Nice work. Does she have a sister? Just kidding.:lol:


----------



## PackerFan (Sep 7, 2004)

I'm in the same boat. Looking for a new rifle and I really like the remington 700. I just want a good round to go with that is easy to find, has many options and easy on the pocketboot. Time to put my 32 Winchester Special to rest now that a box of shells for it is $28.


----------



## swampbuck (Dec 23, 2004)

I have a custom built .308 (mauser action). Since purchasing it ,the other rifles hav'nt been out of the cabinet.

- less recoil
- less noise
- comparable ballistics
- exc. long range accuracy.


----------



## HAMMER33 (Aug 6, 2008)

:idea: Ok guys there are alot of great rounds 7mm-08, 270,280,308, 7mm but if your going out west for Elk at some time than the 30-06 is my choice.
Don't get a light rifle and if the recoil bothers you still, put a limb savers recoil pad on it. Now at deer season buy a s**t load of ammo and practice till you get good and comfortable with it. 30-06 is always cheap at that time of year you can buy tons at meijer dirt cheap. This doesn't have to be your hunting ammo, and boy I hope not. You need to get used to the rifle, trigger, kick, with no flinch and no fear of the gun.

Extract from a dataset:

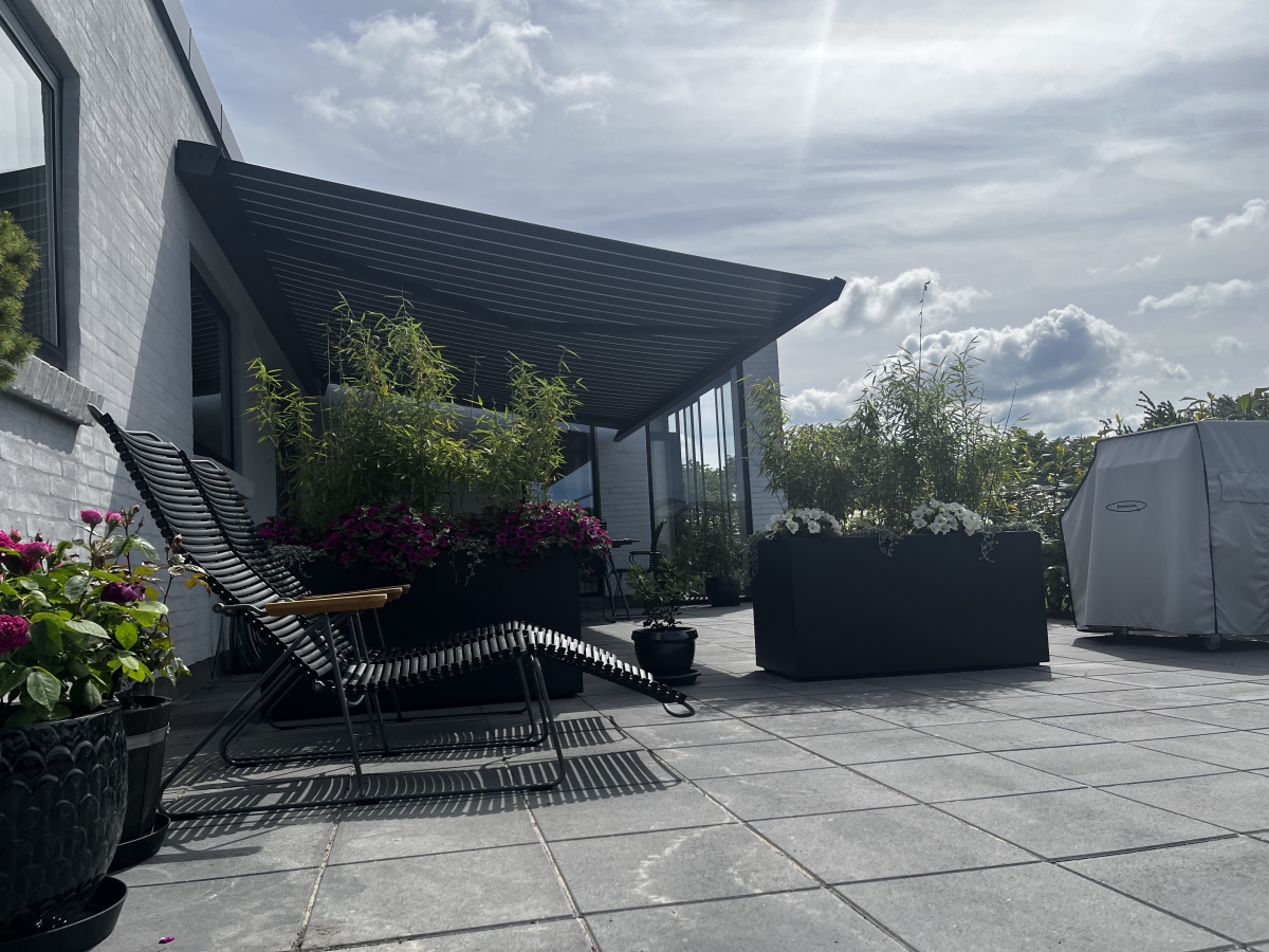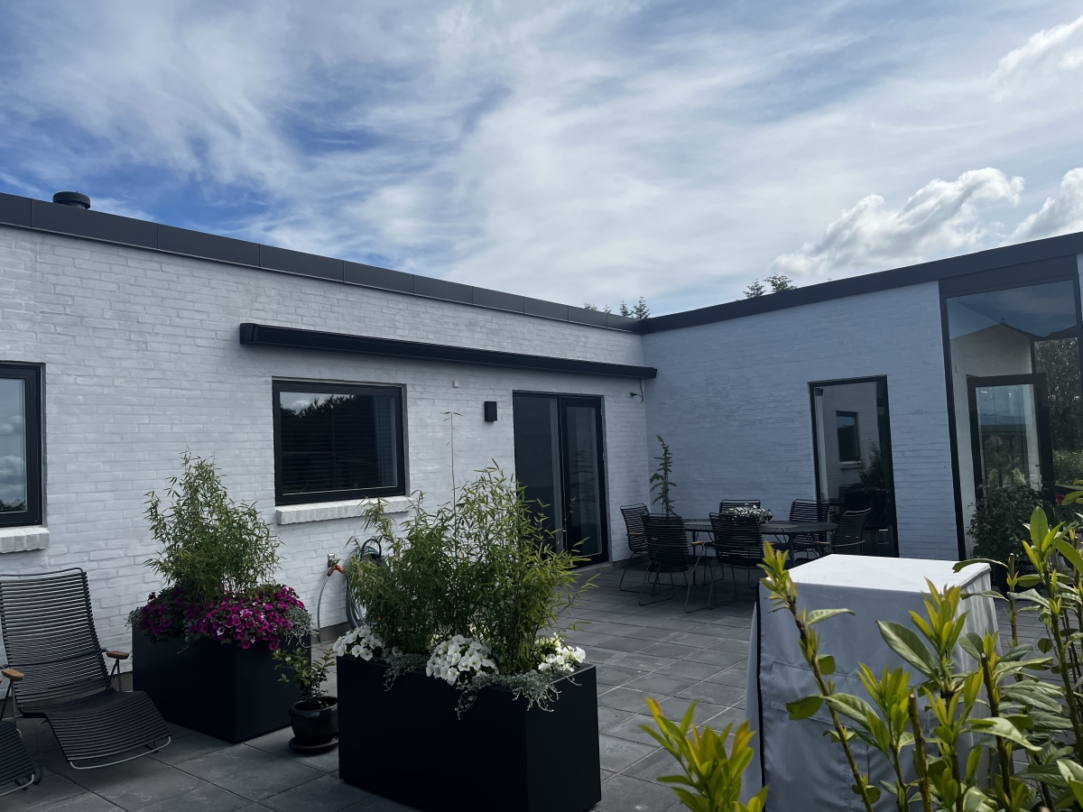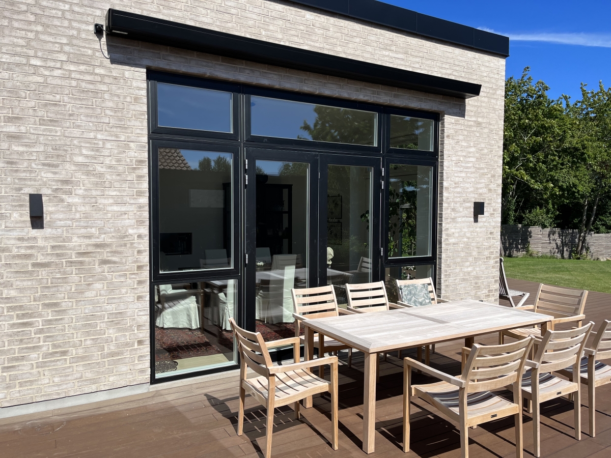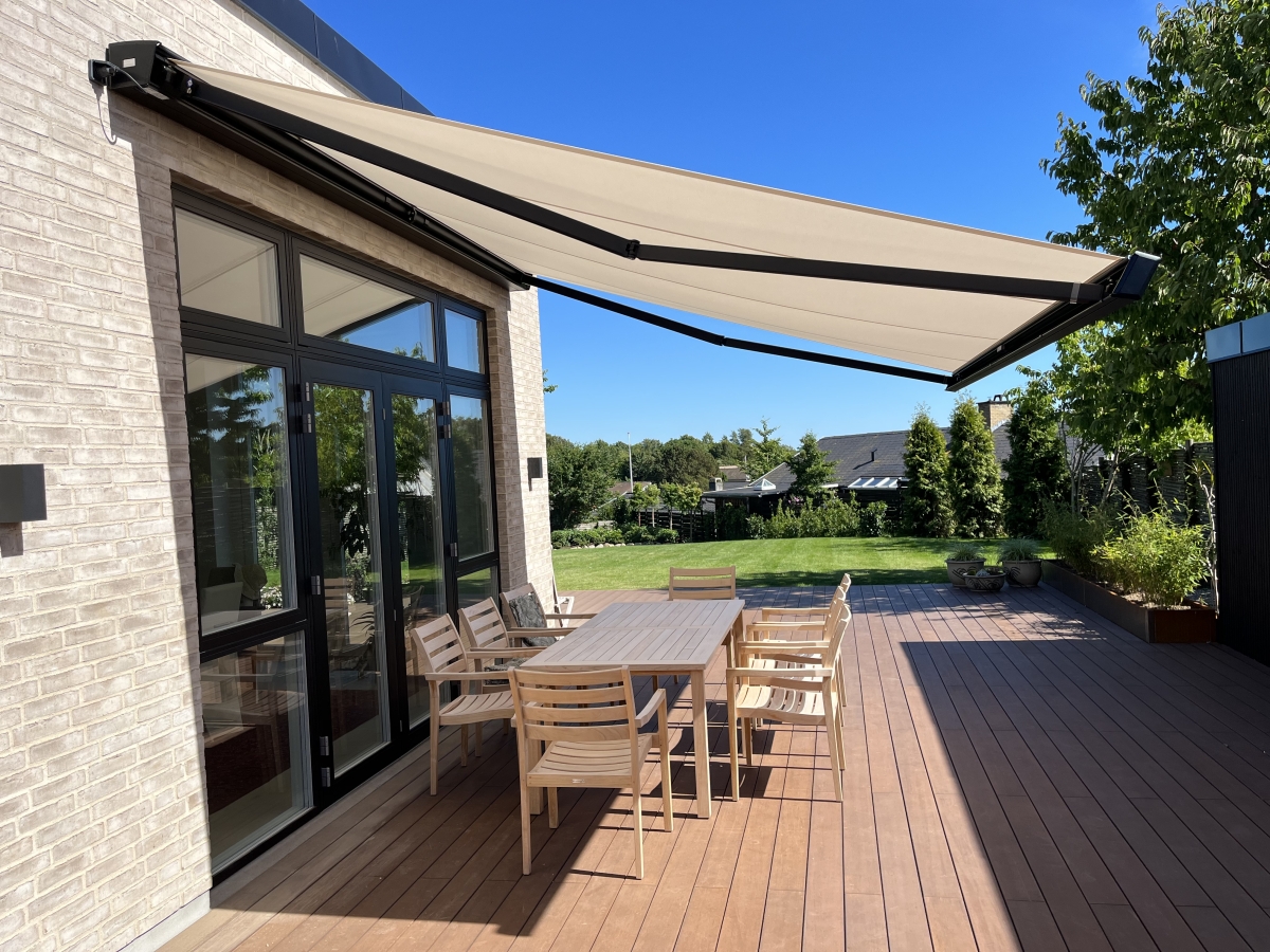 Stil 900 er en tysk kvalitets kassettemarkise, som er vores mest strømlinet markise i høj kvalitet. Den er enormt flot på en funkisvilla.

Try to see what kind of groups you can hold and what distance you feel comfortable with those groups. This will give you a better idea for your sight in with the hunting ammo. Now I hope this helps, Good luck. :coolgleam


----------



## PackerFan (Sep 7, 2004)

Sounds like a lot of folks are for 30-06 and others for .308. I guess there is no right or wrong depending on who you ask. Decisions decisions! I think we need to set up a poll.


----------



## flinch (Aug 10, 2003)

From a completely practical point of view, just buy a bolt action 30.06 and be done with it. Dozens of ammo choices, many of which go on sale in the fall. Also easy to sell the rifle if you ever want something different. And buy a good quality scope. The scope is the most likely component to fail so you should spend more time deciding on the scope than on the rifle or caliber. I can't believe some of the calibers listed here. It would be very expensive to shoot some of them.


----------